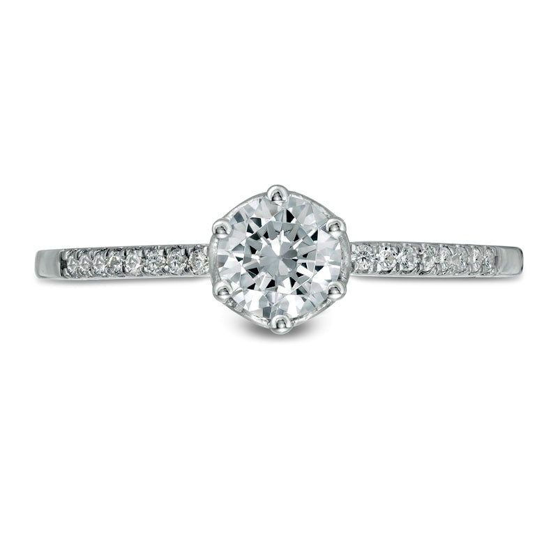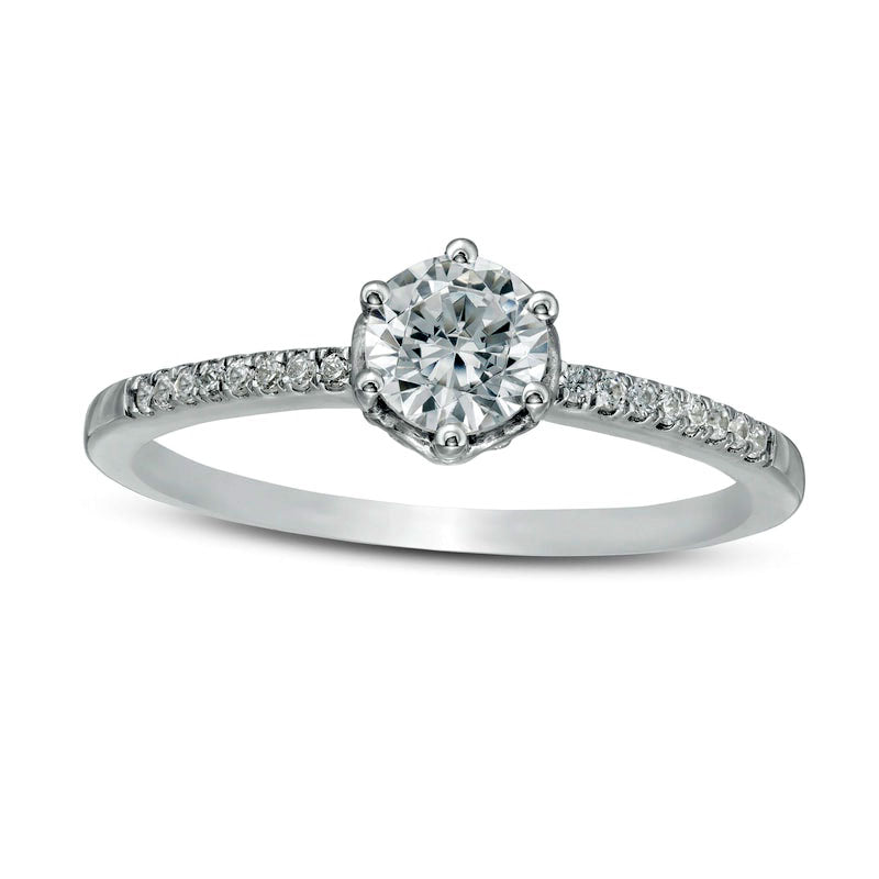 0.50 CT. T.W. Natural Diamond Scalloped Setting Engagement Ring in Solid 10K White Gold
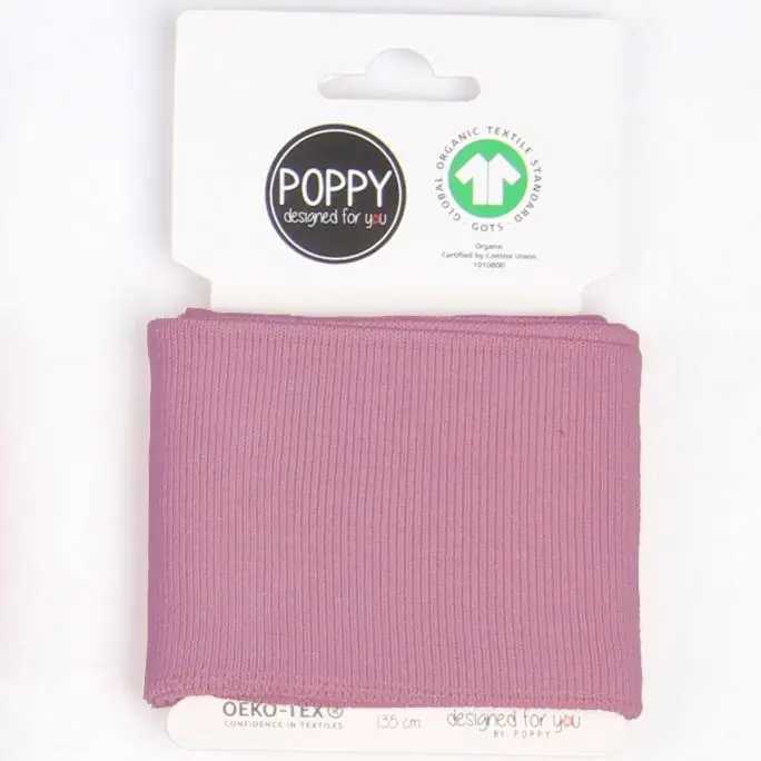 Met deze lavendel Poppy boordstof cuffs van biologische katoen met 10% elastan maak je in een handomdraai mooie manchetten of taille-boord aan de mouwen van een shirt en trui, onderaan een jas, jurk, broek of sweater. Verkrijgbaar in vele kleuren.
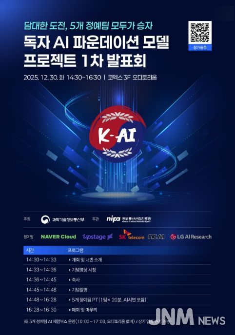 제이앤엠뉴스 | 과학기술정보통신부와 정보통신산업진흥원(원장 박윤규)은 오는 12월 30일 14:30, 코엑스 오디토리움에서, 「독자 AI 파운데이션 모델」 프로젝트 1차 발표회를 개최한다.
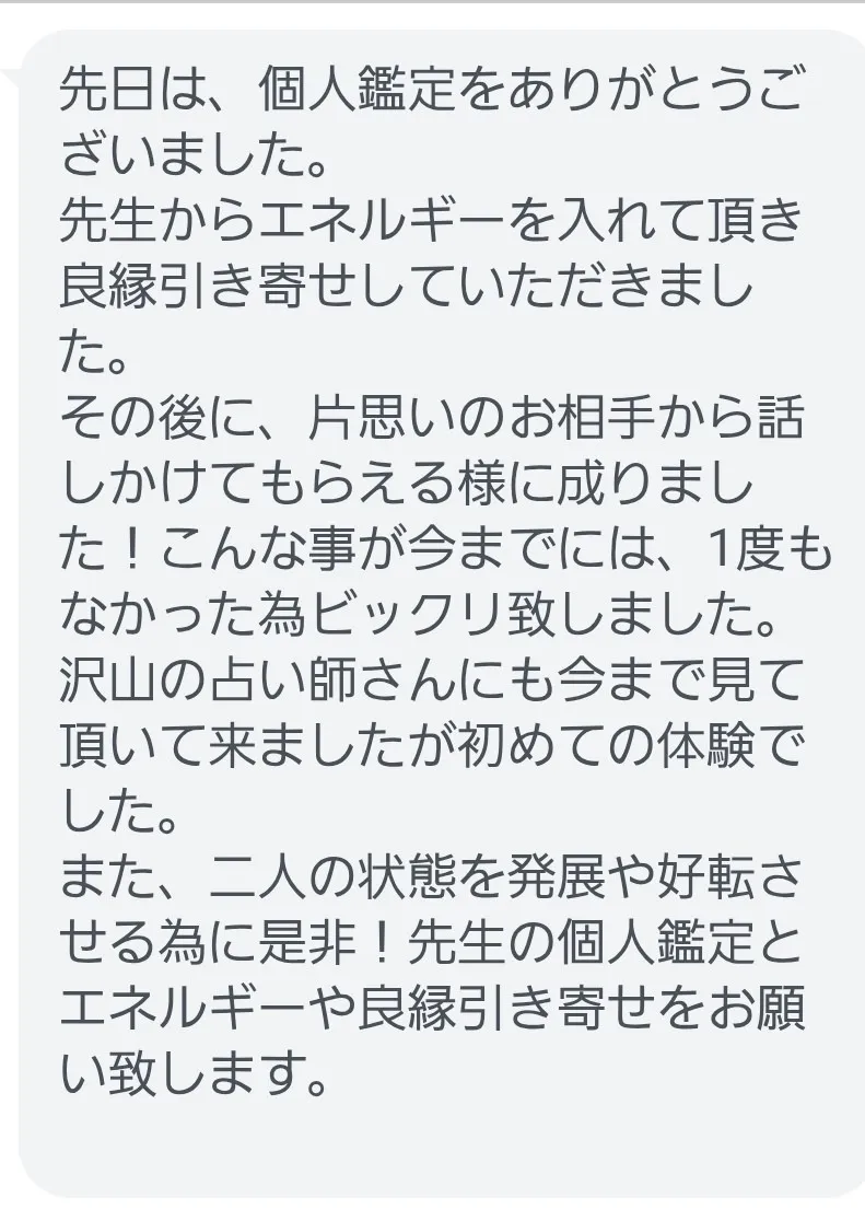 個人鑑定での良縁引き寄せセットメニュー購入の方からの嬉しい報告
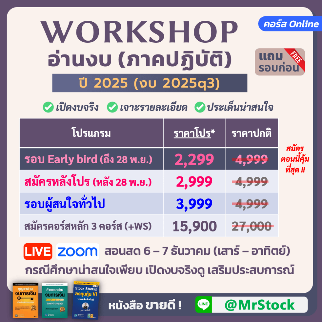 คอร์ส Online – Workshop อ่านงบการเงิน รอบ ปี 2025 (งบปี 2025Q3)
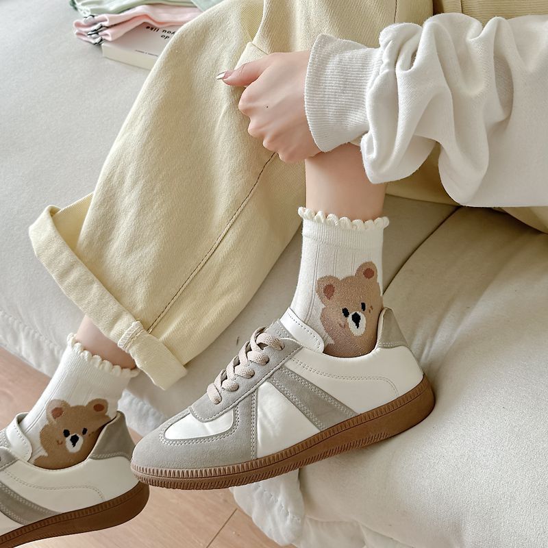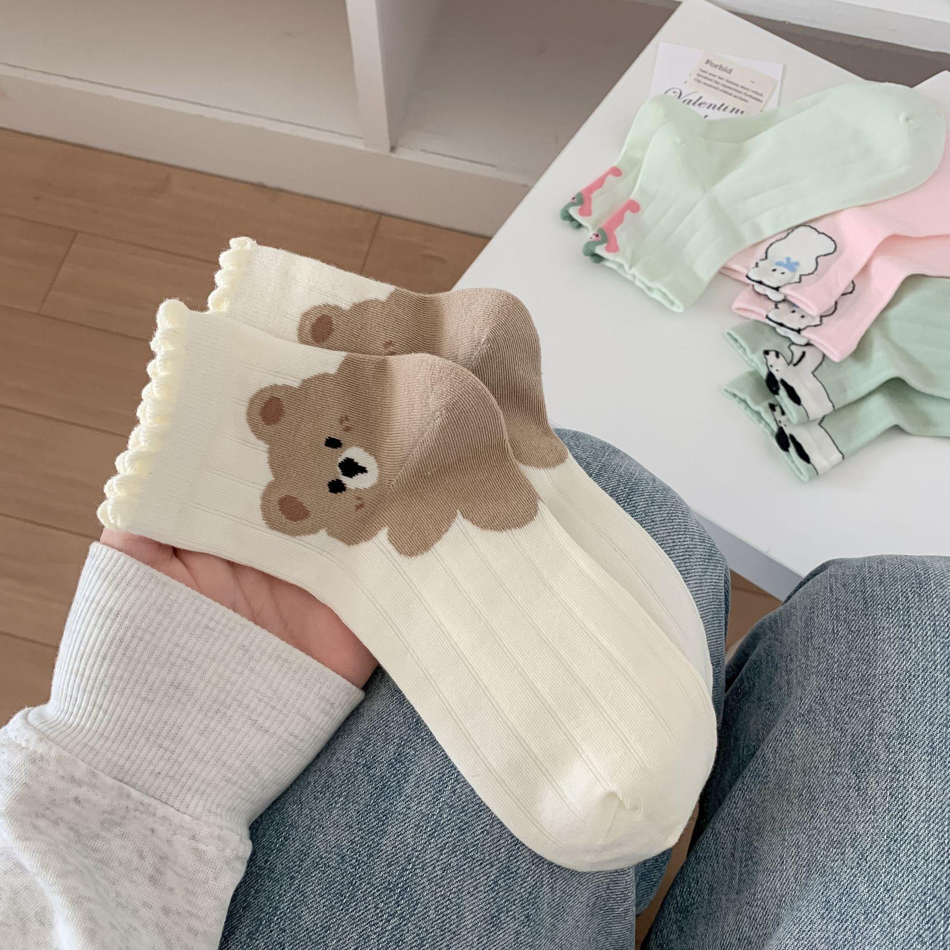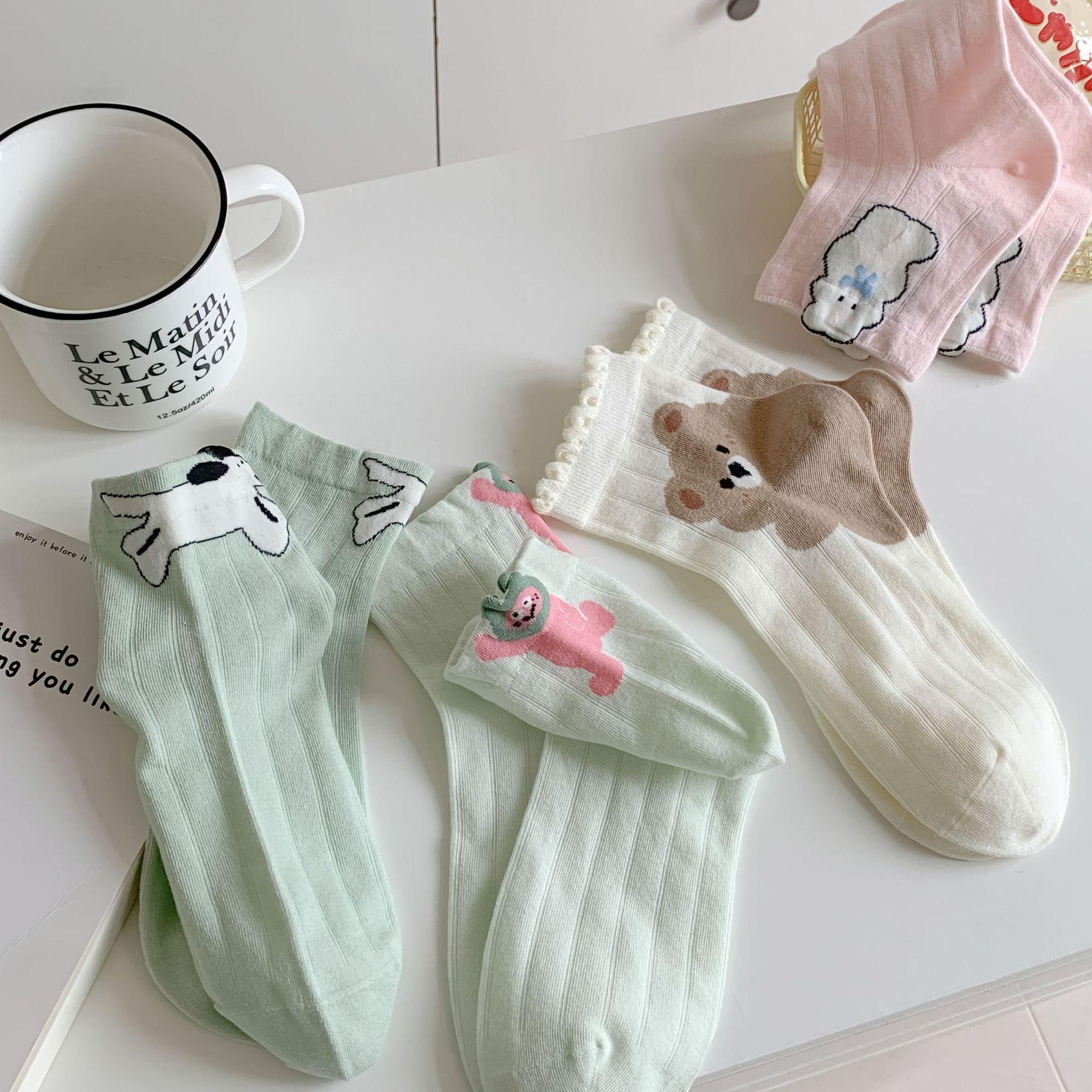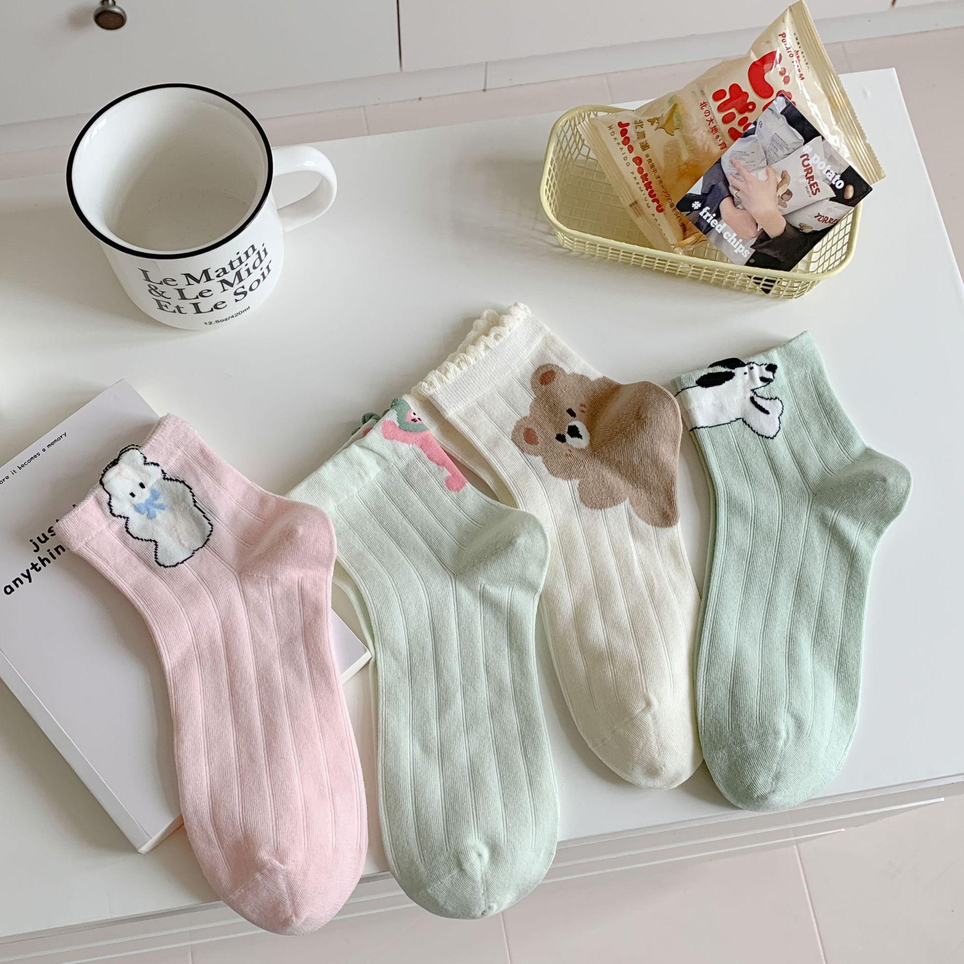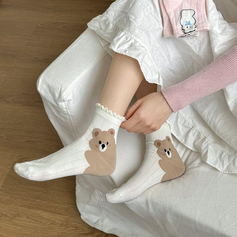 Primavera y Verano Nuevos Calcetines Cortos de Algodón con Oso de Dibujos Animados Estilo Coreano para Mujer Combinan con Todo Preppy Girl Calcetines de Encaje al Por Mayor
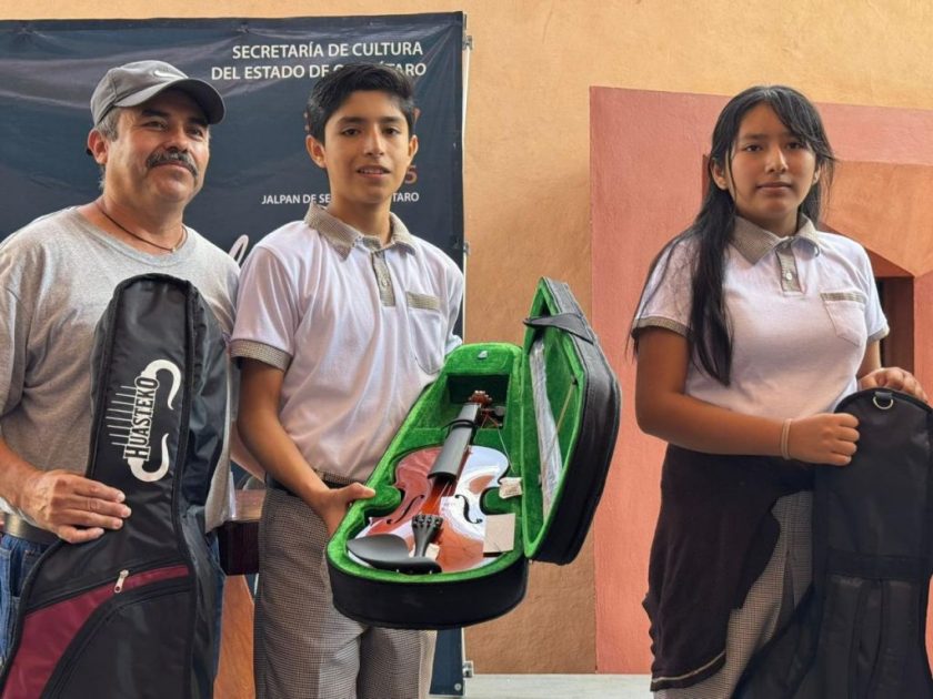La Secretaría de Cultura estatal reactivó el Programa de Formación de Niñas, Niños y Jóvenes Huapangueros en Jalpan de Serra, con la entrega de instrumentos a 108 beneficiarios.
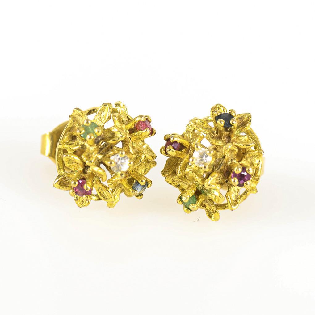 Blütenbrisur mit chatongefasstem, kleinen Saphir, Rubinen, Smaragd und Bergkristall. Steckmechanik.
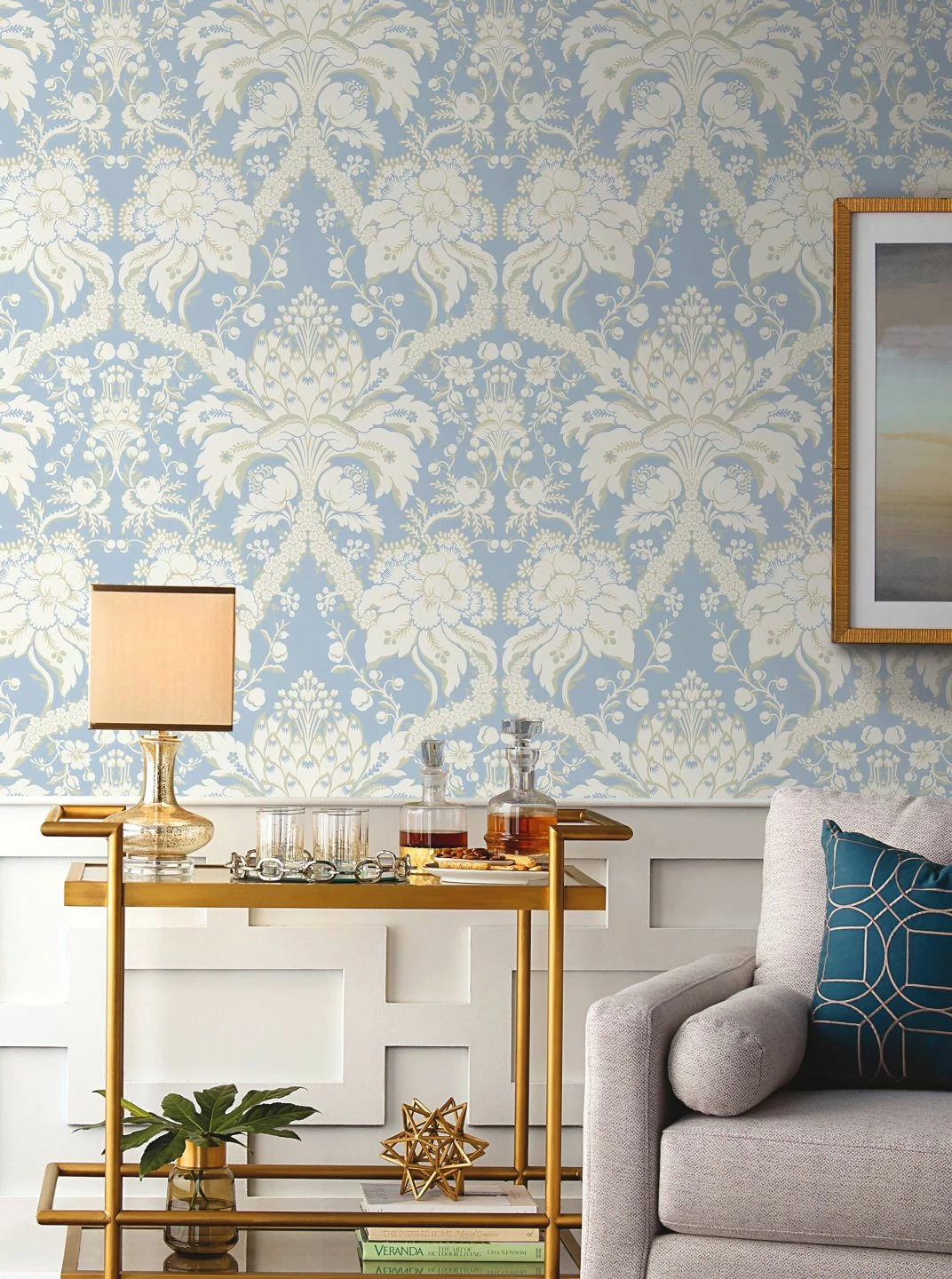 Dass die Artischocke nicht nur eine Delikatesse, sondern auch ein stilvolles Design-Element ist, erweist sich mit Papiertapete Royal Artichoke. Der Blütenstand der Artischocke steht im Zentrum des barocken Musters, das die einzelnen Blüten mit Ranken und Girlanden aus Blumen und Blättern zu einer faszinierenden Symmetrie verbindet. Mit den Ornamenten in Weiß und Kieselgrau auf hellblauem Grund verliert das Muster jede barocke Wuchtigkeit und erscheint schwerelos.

WORK TO COMPLETE – Leave out the pictures and repeat exactly the lines from the one containing "La Secretaría de" through the last line of the entries.

RESULT –
La Secretaría de Cultura estatal reactivó el Programa de Formación de Niñas, Niños y Jóvenes Huapangueros en Jalpan de Serra, con la entrega de instrumentos a 108 beneficiarios.
 Blütenbrisur mit chatongefasstem, kleinen Saphir, Rubinen, Smaragd und Bergkristall. Steckmechanik.
 Dass die Artischocke nicht nur eine Delikatesse, sondern auch ein stilvolles Design-Element ist, erweist sich mit Papiertapete Royal Artichoke. Der Blütenstand der Artischocke steht im Zentrum des barocken Musters, das die einzelnen Blüten mit Ranken und Girlanden aus Blumen und Blättern zu einer faszinierenden Symmetrie verbindet. Mit den Ornamenten in Weiß und Kieselgrau auf hellblauem Grund verliert das Muster jede barocke Wuchtigkeit und erscheint schwerelos.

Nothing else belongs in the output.